Федор Крюков - Шквал
Говорил незнакомый генералу студент-ветеринар. Председательствовавший землемер пояснил, что речь идет о государственном бюджете. А оратор говорил о том, сколько в России адмиралов и генералов, военных и штатских, во что они обходятся стране, какие у них оклады, пенсии, аренды, подъемные, прогонные и проч. Сыпал цифрами, как горохом.
Генерал посмотрел на публику, которая битком набила майданную. Что-то слитое в одно пятно, теряющееся в сумерках неосвещенных задних углов, где на подоконниках и скамьях торчали темные силуэты, изогнувшись, опираясь друг на друга, жарко дыша, отдуваясь, обливаясь потом. Больше, по-видимому, молодежь, но виднелись и почтенные бороды. Загадочною и смутною казалась эта многоголовая, многоглазая человеческая масса, теперь молча глядевшая и ничем не выражавшая своих чувств. Трудно было определить, как она воспринимала эти выразительные цифры. Впитывала ли их отраву, как губка впитывает воду, и зажигала сердце огнем злобы и протеста? Низвергала ли в своей душе искони сложившиеся почтительно-робкие и доверчиво-покорные чувства к стоящим на горе? Или эти язвительные, искусно подобранные цифры, как и сами эти далекие сановники, любители пособий для переезда с одной казенной квартиры на другую, проходили мимо нее, были для нее посторонним звуком?..

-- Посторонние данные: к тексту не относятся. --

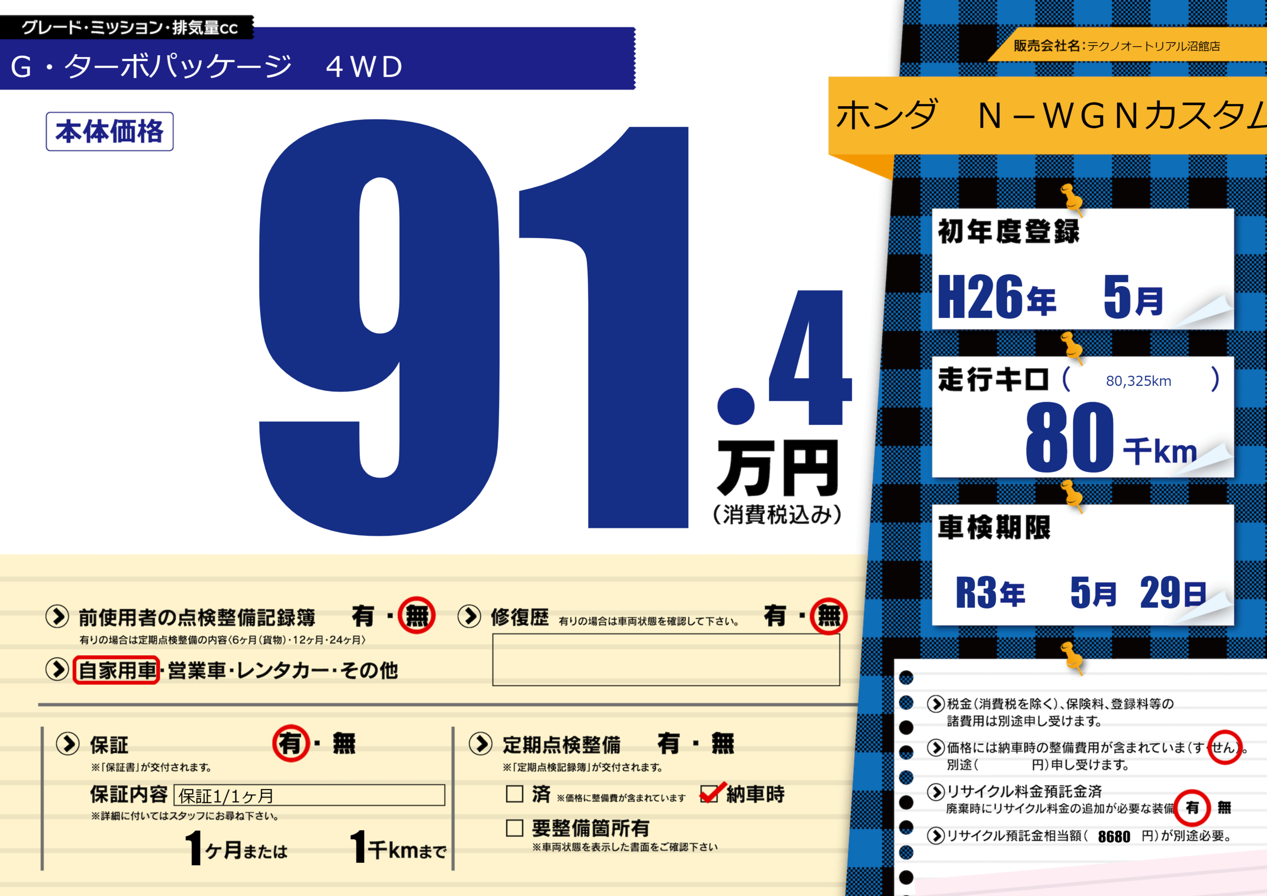 | 車名 | ホンダ N-WGNカスタム | グレード ミッション 排気量 |

Молчала толпа. Иной раз вырвется где-нибудь удивленное аханье или короткий смешок, — Авдюшкин строго обернется, погрозит пальцем, и опять тишина и тяжелые вздохи от жары. Генерал видел, как Авдюшкин раза два, через головы, доставал какого-нибудь нарушителя порядка и щелкал его по голове козырьком своей фуражки. «Это хорошо, что Авдюшкин чувствует себя здесь хозяином, но удобно ли, что он так усердствует?» — подумал генерал.

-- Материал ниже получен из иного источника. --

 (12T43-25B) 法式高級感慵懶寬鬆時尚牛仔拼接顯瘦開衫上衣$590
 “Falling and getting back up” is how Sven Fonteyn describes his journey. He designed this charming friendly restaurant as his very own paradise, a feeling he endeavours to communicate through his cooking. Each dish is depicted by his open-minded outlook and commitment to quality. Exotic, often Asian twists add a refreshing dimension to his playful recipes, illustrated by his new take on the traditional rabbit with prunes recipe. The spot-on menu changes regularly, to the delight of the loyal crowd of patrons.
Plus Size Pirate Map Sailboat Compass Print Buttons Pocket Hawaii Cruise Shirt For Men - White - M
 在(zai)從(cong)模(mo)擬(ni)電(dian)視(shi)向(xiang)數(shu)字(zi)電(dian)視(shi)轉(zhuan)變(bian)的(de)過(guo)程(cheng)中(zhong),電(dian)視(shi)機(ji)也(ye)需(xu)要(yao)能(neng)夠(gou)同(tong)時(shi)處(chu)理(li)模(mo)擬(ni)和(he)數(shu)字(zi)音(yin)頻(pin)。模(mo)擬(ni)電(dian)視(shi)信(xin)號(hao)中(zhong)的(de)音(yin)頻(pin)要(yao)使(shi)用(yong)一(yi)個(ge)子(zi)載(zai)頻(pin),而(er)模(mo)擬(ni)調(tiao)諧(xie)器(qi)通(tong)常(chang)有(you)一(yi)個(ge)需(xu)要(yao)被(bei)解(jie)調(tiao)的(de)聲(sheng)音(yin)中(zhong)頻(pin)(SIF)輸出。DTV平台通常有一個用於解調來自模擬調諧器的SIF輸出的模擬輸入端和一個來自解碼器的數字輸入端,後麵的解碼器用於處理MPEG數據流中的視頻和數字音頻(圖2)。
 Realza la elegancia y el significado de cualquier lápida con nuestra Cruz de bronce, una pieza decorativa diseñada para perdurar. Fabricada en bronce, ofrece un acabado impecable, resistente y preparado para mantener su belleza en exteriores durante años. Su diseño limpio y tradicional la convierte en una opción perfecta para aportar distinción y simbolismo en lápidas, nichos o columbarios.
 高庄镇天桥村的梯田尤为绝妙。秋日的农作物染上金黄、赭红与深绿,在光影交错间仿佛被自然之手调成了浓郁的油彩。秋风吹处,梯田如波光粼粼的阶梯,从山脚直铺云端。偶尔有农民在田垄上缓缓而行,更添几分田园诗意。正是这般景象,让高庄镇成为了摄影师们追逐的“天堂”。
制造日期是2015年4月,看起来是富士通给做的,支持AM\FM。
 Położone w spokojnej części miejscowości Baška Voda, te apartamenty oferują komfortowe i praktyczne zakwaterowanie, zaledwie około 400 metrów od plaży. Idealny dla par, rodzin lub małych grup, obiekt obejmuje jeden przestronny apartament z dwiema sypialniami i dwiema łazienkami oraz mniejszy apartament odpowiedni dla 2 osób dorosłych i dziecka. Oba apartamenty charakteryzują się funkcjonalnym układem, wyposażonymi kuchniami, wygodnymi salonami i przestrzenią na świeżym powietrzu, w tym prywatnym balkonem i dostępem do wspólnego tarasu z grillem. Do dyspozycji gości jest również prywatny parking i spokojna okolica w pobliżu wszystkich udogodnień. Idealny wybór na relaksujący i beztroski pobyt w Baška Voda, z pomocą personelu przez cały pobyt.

Студент говорил легко, плавно, свободно, уверенно. Генералу показалось, что это вовсе уж не такая мудрая вещь — политическое красноречие, и он почувствовал, что может сказать не только не хуже, но гораздо основательнее, красивее и убедительнее. Даже уверенность явилась в этом и вместе с нею нетерпеливый зуд — обратиться к этой молчаливо-внимательной аудитории. Очень хотелось возразить студенту. Может быть, это и правда все, что он говорит, и, конечно, возмутительно, но почему-то горело сердце подорвать кредит этих цифр, указать, что источники их — жидовские газеты («…а Маруся их читает…»), что не наше это дело — высчитывать, учитывать, критиковать; что люди не равны достоинством и потому не могут быть уравнены и положением… В заключение сказать горячо, с чувством что-нибудь настоящее, казацкое, героическое… о том, что искони было присуще казачеству, стяжало ему громкую славу… вечную, неувядаемую славу, высочайшими грамотами засвидетельствованную!..
В голове красиво-пышными, величественными периодами слагались фразы его будущей речи, громкие и трогательные. И казалось, стоит произнести их отчетливо-ясным, уверенным, военным голосом, и эта толпа простых, доверчивых, не вышедших из повиновения Авдюшкину слушателей загорится одним чувством патриотического восторга, и ядовито-злостная критика студента будет стерта, как пыль.
Он едва дождался, пока студент кончил скучное и нудное разъяснение ответственности министров в конституционных государствах. И сейчас же, не испрашивая слова у председателя, встал и заговорил уверенно-громким голосом.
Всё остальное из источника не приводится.